Recorded information>
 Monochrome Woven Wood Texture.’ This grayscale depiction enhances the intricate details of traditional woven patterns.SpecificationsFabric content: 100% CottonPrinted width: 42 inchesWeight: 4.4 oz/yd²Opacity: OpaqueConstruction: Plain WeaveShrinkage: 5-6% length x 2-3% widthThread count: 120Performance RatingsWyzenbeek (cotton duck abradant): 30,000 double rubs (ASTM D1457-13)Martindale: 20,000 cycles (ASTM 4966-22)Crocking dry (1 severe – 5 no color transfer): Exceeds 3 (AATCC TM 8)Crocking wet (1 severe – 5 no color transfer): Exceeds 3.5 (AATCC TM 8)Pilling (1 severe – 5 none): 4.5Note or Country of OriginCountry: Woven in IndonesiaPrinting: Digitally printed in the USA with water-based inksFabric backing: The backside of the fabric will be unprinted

---

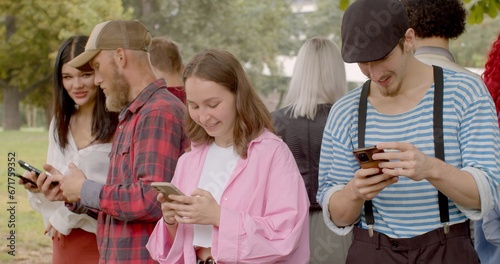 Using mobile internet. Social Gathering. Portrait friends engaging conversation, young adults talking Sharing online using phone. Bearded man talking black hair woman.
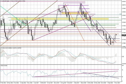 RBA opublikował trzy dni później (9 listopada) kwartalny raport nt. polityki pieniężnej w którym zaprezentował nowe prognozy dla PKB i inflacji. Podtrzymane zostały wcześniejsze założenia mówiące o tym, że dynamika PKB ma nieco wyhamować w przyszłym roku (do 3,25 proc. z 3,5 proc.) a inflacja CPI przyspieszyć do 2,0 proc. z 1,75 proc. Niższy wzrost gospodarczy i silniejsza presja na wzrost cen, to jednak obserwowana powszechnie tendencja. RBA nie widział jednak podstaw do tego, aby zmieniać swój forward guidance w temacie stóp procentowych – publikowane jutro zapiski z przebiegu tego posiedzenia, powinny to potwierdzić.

---

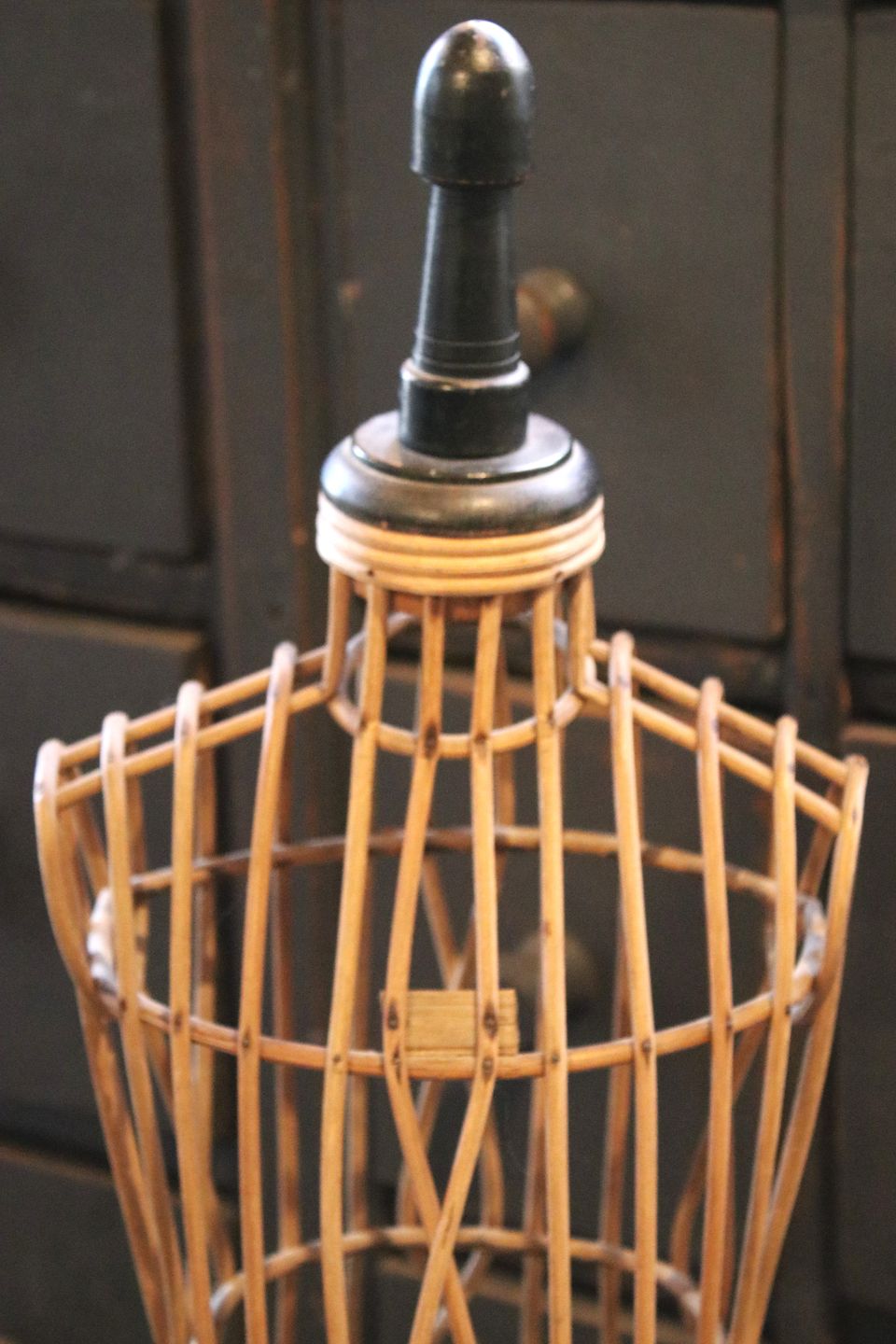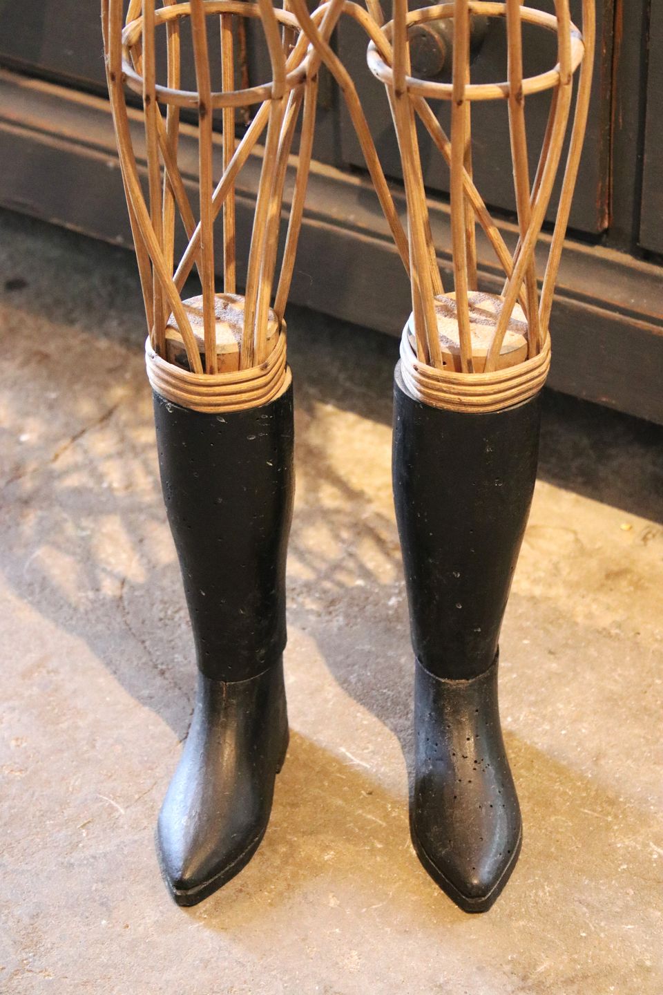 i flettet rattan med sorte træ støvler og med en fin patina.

What to do> In the listing above, find the line containing "Using mobile internet.". Output it and every line after it up to and including the line containing "RBA opublikował trzy", exactly, but skip the pictures.

Response box>
 Using mobile internet. Social Gathering. Portrait friends engaging conversation, young adults talking Sharing online using phone. Bearded man talking black hair woman.
 RBA opublikował trzy dni później (9 listopada) kwartalny raport nt. polityki pieniężnej w którym zaprezentował nowe prognozy dla PKB i inflacji. Podtrzymane zostały wcześniejsze założenia mówiące o tym, że dynamika PKB ma nieco wyhamować w przyszłym roku (do 3,25 proc. z 3,5 proc.) a inflacja CPI przyspieszyć do 2,0 proc. z 1,75 proc. Niższy wzrost gospodarczy i silniejsza presja na wzrost cen, to jednak obserwowana powszechnie tendencja. RBA nie widział jednak podstaw do tego, aby zmieniać swój forward guidance w temacie stóp procentowych – publikowane jutro zapiski z przebiegu tego posiedzenia, powinny to potwierdzić.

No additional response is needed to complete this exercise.